International Development Association (IDA) Private Sector Window

IDA Private Sector Window launched in 2017, extra policy focus on Covid-19 added in December 2021.
IDA, as part of the World Bank, is governed by the World Bank Group’s Board of Governors. Decision making regarding its 20th replenishment (IDA20) lies with the IDA20 Deputies (representatives of IDA donor countries).
IDA20 represents a total package of USD 93 billion. The projected size of the Private Sector Window under IDA20 is USD 2.5 billion (same as under IDA19). Part of this money will be used to support private actors in health.

The World Bank’s International Development Association (IDA) lends money on concessional terms or, under certain conditions, provides grants to lower-income countries. The 20th replenishment of the IDA coffers (IDA20) is advanced by one year to respond to the multiple additional challenges caused by the Covid-19 pandemic. The IDA20 funds will cover the period July 2022-June 2025 (3 years).

IDA resources are mainly disbursed via country envelopes and additionally provided through so-called ‘windows’ – special purpose financing mechanisms. In IDA20, explicit emphasis on Covid-19 response was added to a number of these windows, including the Regional Window and the Private Sector Window. In the case of the Private Sector Window, the IDA resources are not available to governments but to private investors and companies.

Through the Private Sector Window, IDA delegates money to the International Finance Corporation (IFC) and Multilateral Investment Guarantee Agency (MIGA) to support companies in diverse sectors, including health. With regard to the Covid-19 response, the IDA20 Private Sector Window aims to increase local manufacturing capacities for key healthcare products, including vaccines, medicines, active pharmaceutical ingredients, personal protective equipment (PPE) and other medical devices and supplies, and also improve people’s access to these commodities. However, IDA20 does not describe how and under what conditions this should happen.


  • Aims to improve access to key medical products, for instance through strengthening local vaccine manufacturing.


  • Lacks conditions to funding required to increase local manufacturing capacity catering for local need, such as the sharing of intellectual property rights, know-how and technology and transparency on pricing by right holding companies.
  • Thus far, the money channelled into the health sector through the Private Sector Window benefits mostly multinational companies that supply medical equipment to private clinics, and to companies that deliver private health services and/or insurances.
  • Supports private companies motivated by profit instead of public interests, leading to products and services that mostly benefit the better-off instead of lower-income populations.
  • Recent evaluations of the Private Sector Window report problems including a lack of transparency, undue subsidies for firms, a lack of evidence on the effects in terms of development, and inability to leverage private finance.
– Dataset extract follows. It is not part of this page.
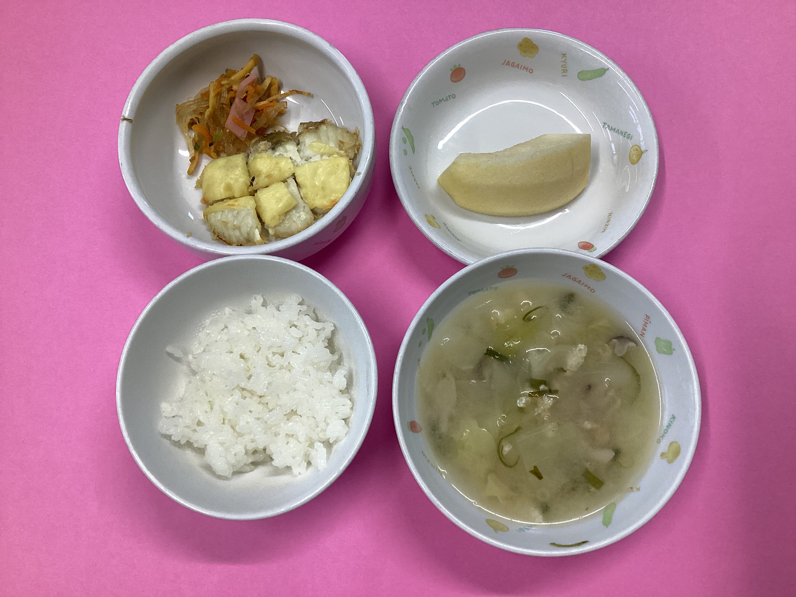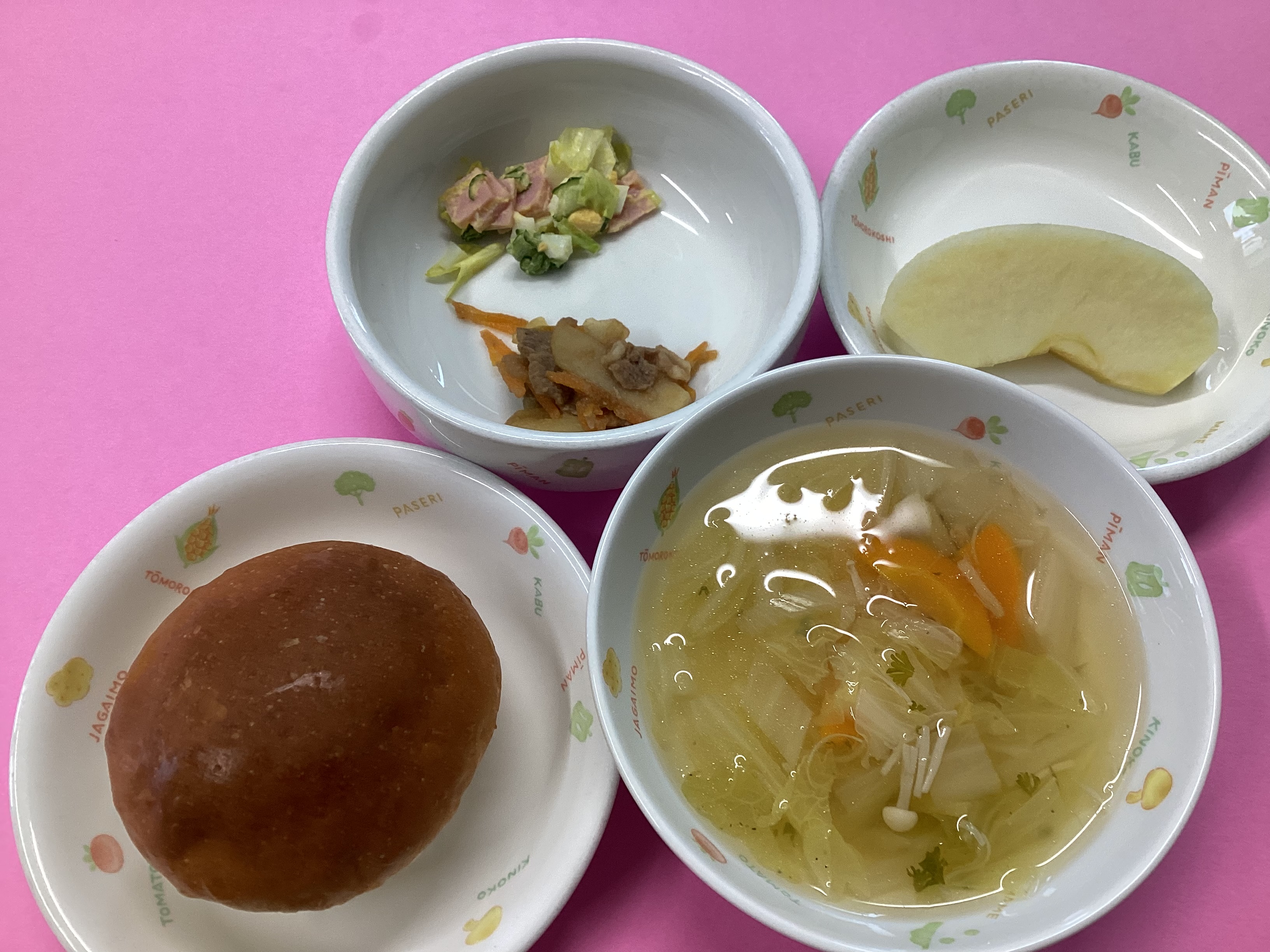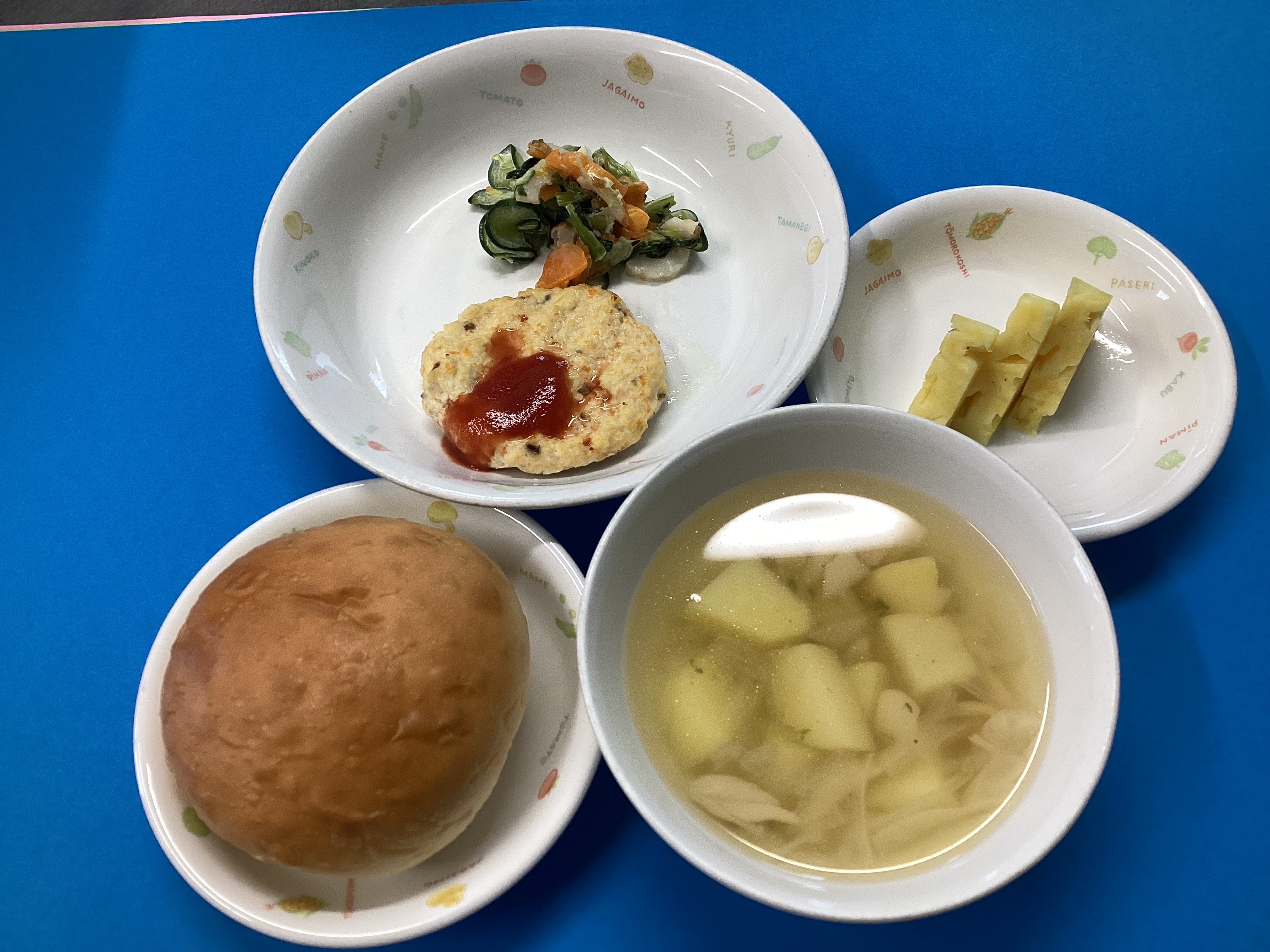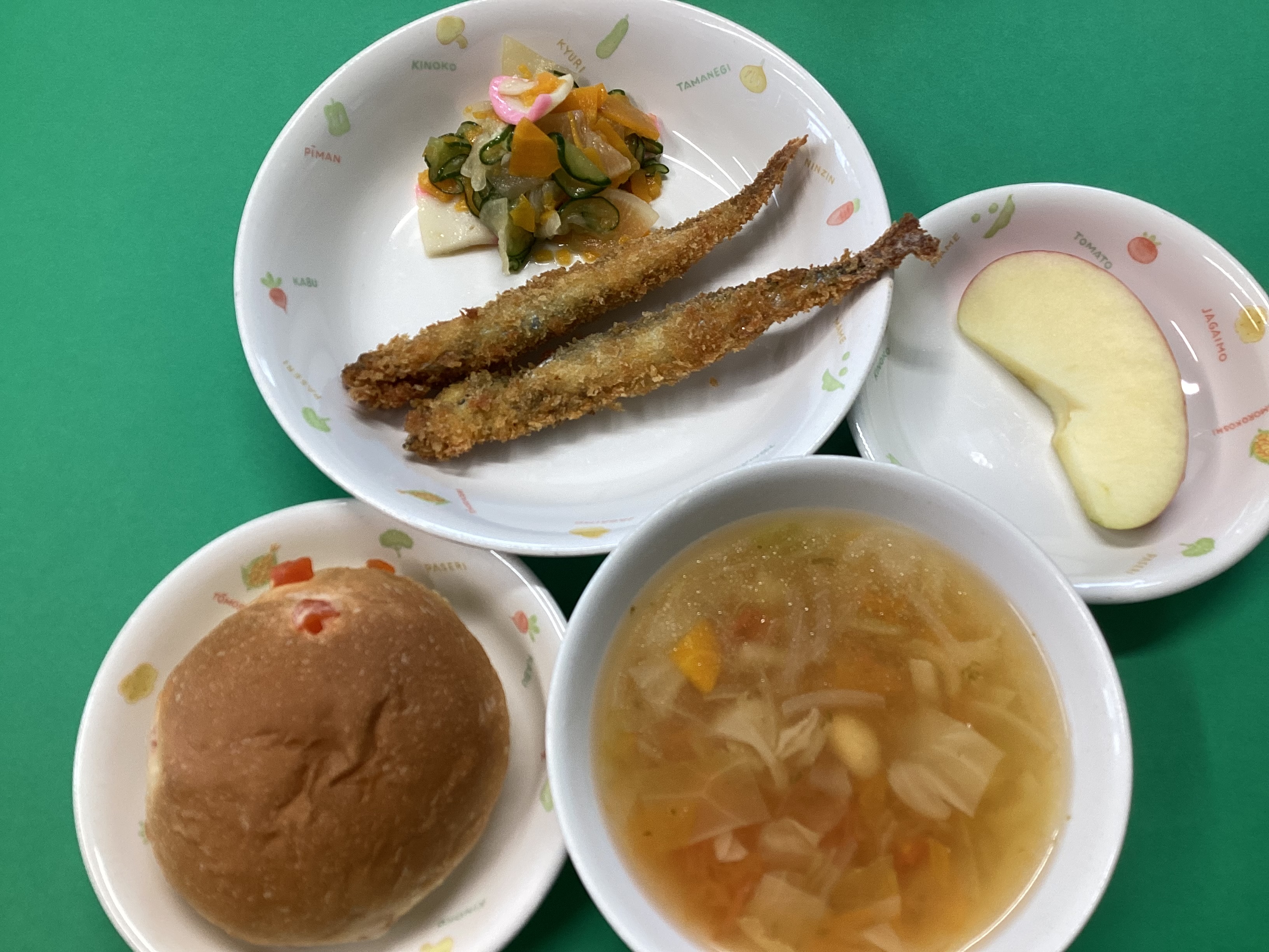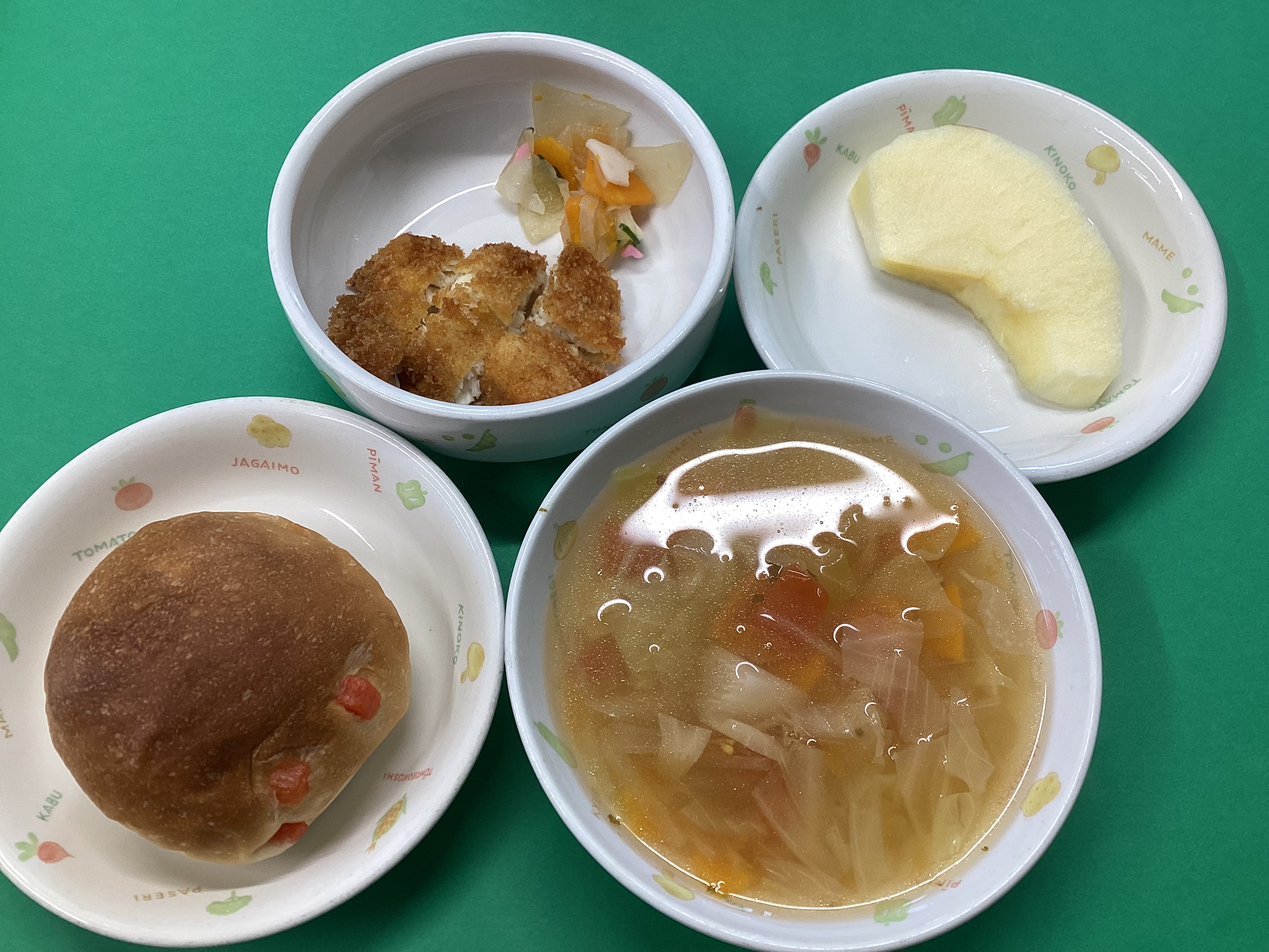 令和7年12月2日のお給食♪ 2025年 12月 5日 Fri 管理者 ・リッチツイスト ・ししゃもフライ(未満児は白身魚フライ) ・チーズサラダ ・和風ポトフ ・キウイフルーツ(未満児はりんご) (幼児) (未満児)

We are not in favour of continued use of IDA resources through the Private Sector Window to support commercial actors in the health sector until clear conditions are in place to secure progress towards (health-related) development goals. Thus far, health-related expenditure through this window hardly lives up to the goal of improving equal access to critical healthcare products and services in lower-income countries.

The investments of private companies or investors in health are in first instance driven by the need to make a return on investment. This need for profit – especially in environments without strong regulation and systems for cross-subsidization – leads to products and services that mostly benefit the better-off instead of lower-income populations.

Unless such products and services are delivered via the IDA country’s publicly governed system that aims for equitable and universal access to health, a condition that is unfortunately not attached to the use of the IDA Private Sector Window, that goal is not going to be attained. Worse, investments in private sector healthcare delivery and insurance may even exacerbate inequalities in access by drawing scarce resources (e.g. health workers) away from public service delivery.

Likewise, as we have experienced since the start of the pandemic, a lack of pro-public conditions to public funding for private sector-led innovation and manufacturing of Covid-19 vaccines, medicines and other technologies have resulted in most cases in excessive pricing. This depletes national health budgets, and keeps vaccines, medicines and other technologies out of reach for low-income countries and people most in need.

To avoid a similar pattern with investments in local and regional manufacturing capacity, firm and transparent conditions are needed in terms of pricing and priority allocation based on local need. As long as these conditions are not in place, we believe the Private Sector Window should not be used in the health sector.